I know that the country’s turned to the right. But we’d still have the New Deal if voters were turning out at New Deal-type rates. (Between 1936 and 1968, voter turnout in presidential elections fell below 56 percent just once. Since 1968, it has never exceeded 56 percent.) So how can Democrats get the turnout of all eligibles up to 65 percent?
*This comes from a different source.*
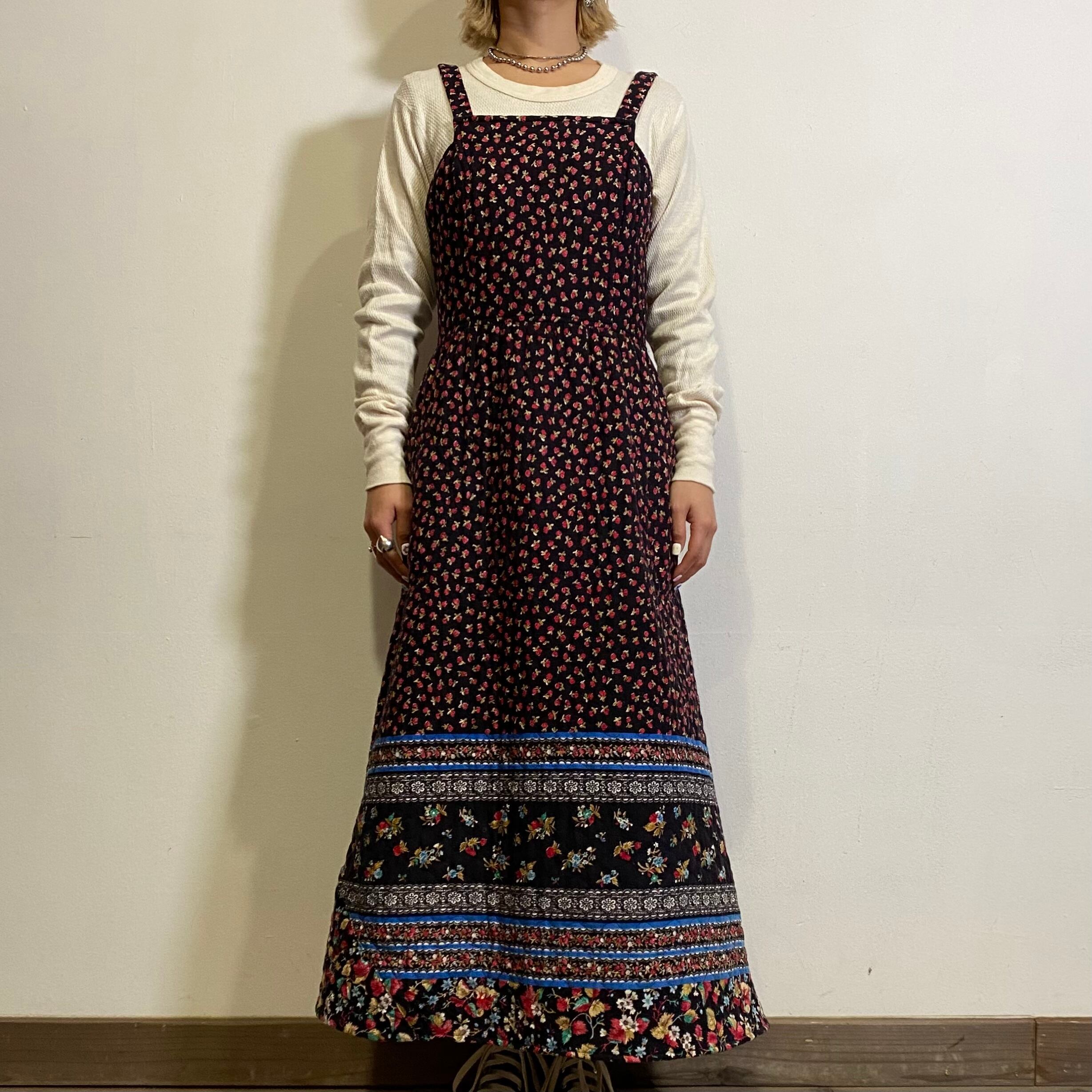 ブラックベースに花柄が可愛い、70年代のキルティングキャミワンピースです。

I doubt that seriously. One important causal factor Geoghegan omits is the lowering of the national voting age in 1970, which brought in a new cohort of voters who were unlikely to vote. Moreover, recent scholarship suggests that low apparent turnout in the U.S. is due to an increase in the non-eligible population (felons and non-citizens, which aren’t part of the “voting age population” used for redistricting) and the use of frequent elections (U.S. jurisdictions average at least one election per year, including local and state elections and primaries, while most other industrialized democracies only have elections, on average, every two years—and typically have elections for national office at different times from elections to local offices). The fact that the U.S. holds elections on weekdays rather than weekends is also an important factor in lowering turnout.

What are Geoghegan’s remedies?

First, offer two ballots, a long one and a short one. Let’s call the short one Fast Ballot. President. Congress. Governor if there’s a race on. That’s all. You’re done. Someone else will vote the long ballot.
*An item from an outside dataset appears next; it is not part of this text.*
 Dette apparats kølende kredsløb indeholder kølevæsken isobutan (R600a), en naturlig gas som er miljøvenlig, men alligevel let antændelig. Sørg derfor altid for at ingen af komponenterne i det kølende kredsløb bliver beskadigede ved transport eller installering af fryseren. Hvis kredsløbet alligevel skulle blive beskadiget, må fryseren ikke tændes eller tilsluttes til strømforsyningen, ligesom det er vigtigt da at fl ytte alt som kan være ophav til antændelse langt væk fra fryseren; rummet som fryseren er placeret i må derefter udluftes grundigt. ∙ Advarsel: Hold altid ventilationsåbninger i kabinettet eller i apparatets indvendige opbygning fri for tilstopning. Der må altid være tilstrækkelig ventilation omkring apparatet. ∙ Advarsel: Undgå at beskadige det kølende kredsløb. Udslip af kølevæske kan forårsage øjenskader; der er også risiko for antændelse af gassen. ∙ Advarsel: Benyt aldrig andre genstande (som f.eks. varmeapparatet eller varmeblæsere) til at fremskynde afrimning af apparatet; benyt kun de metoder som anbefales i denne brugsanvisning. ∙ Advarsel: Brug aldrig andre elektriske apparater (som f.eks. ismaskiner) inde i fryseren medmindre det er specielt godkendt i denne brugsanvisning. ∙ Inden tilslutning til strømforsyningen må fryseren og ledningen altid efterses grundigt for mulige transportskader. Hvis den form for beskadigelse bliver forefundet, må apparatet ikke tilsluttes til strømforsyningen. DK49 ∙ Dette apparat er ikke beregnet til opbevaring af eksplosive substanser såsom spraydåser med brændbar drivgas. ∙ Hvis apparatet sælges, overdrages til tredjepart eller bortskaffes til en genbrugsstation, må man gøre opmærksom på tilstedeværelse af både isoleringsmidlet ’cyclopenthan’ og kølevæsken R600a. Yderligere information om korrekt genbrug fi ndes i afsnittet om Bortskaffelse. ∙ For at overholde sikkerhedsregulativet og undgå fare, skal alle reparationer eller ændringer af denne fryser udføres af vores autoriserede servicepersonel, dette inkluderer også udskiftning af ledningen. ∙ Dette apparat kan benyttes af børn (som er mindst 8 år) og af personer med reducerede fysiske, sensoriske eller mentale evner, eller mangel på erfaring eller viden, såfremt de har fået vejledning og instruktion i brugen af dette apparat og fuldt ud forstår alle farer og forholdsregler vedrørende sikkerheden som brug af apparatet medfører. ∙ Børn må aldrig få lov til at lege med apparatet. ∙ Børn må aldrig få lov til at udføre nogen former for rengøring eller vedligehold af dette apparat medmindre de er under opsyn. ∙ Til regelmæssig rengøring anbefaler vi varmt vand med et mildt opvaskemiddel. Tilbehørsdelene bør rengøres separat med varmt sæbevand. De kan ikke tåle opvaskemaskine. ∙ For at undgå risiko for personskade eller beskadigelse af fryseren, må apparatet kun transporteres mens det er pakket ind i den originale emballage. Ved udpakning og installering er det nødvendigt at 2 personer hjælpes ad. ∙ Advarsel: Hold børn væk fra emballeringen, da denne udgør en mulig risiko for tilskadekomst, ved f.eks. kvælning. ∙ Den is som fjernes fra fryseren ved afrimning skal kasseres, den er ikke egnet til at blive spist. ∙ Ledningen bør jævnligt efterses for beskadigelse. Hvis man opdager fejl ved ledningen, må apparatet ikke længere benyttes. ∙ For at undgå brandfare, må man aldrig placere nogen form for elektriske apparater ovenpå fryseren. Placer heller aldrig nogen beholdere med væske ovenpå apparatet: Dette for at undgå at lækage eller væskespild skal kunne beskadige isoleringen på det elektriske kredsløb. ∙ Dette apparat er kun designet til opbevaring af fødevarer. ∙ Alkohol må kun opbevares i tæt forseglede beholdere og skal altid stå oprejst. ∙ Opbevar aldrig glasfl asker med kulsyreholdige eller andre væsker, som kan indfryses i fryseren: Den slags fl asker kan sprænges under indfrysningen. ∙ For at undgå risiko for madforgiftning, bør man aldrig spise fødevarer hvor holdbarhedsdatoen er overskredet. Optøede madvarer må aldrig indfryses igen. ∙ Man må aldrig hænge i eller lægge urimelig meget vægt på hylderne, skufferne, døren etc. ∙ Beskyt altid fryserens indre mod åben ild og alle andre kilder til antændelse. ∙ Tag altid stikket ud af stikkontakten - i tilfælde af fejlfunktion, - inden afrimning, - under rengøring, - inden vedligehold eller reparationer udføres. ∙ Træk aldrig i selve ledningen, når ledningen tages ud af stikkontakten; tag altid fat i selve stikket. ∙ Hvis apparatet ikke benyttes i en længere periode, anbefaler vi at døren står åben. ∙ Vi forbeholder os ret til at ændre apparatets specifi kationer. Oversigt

Nick already explained what an idiotic idea this is. But in many states (including, I believe, Illinois), you can vote a party-line ballot just as easily. It seems more productive to encourage the adoption of (or return of) party-line boxes on ballots, then. (You can thank the Progressives for getting rid of party-line voting in many states.)
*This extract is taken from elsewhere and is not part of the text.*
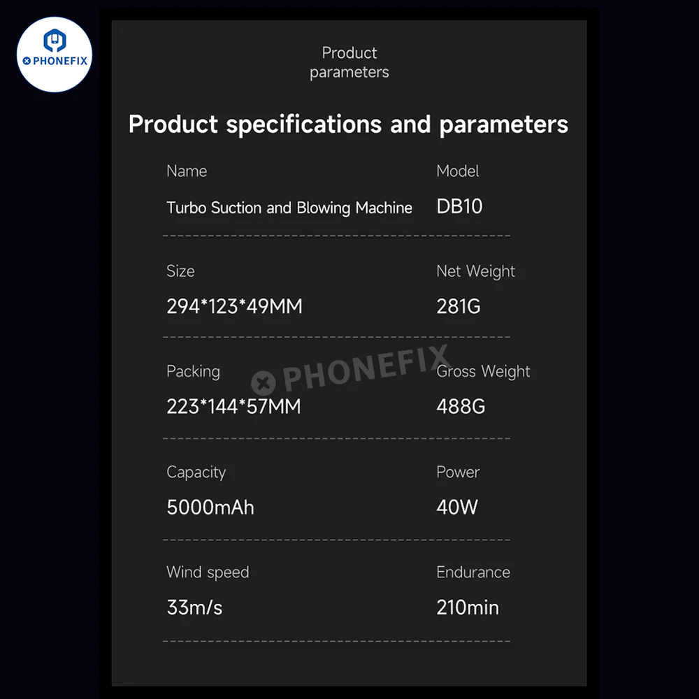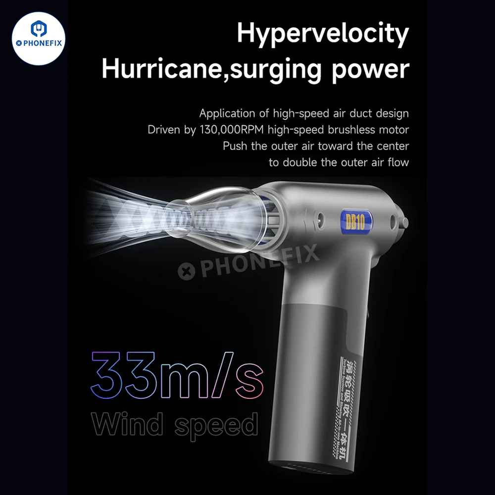 Mechanic DB10 Turbo Blower features 6-speed stepless change suction and blowing for cleaning and cooling electronics such as mobile s and laptops. Full filtration of the dust cup filter, ultra-long battery life, 4200Pa hurricane suction, one suction and clean, easily deal with various dust/dirt/mites/sand/stones/hair, etc.

His second remedy apparently revolves around making the entire election process an excuse to go on a bender. No, I’m serious:

One free drink. Let’s take the 10 biggest population centers. In each one, set up a business-type council, full of media types and celebrities, to push voting. In September and October, have them sign up bars and restaurants to put up a red-white-and-blue logo on Election Night. What does the logo mean? With your ballot stub, first drink is on the house. Soon everybody will want to have a logo, the way in the New Deal, businesses showcased the Blue Eagle. Put the word out on college campuses. Get them to compete to throw the biggest party. Pump it up, the way we’ve done with Halloween.

No doubt, the Progressives are rolling over in their graves at this idea (you can thank them, too, for laws that require bars and liquor stores to be closed on Election Day in some states). In most (all?) states, it’s illegal to offer an inducement for voting—even if that inducement is given without regard to vote choice. From a theoretical point of view, I don’t think such laws are worthwhile—in fact, I actually wrote a paper on Philippine politics once that argued (in part) that citizens ought to have the right to sell their vote to the highest bidder. Regardless, this proposal is simultaneously idiotic and impractical (and illegal, to boot; not that that’s ever stopped any campaign tactic in the past, mind you).

Furthermore, the premise that any of this will help the Democrats is, simply put, absurd, and borders on patronizing: apparently, Geoghegan conceives of the Democratic base as a bunch of louts who can only be encouraged to vote if they are given a really dumbed-down ballot and are promised a pint of Pabst Blue Ribbon for their trouble. If this is what Democratic elites think of their own supporters, they should count their lucky stars if any of them bother to show up in November to cast a ballot for John F. Kerry—assuming he deigns to accept the nomination before then, that is.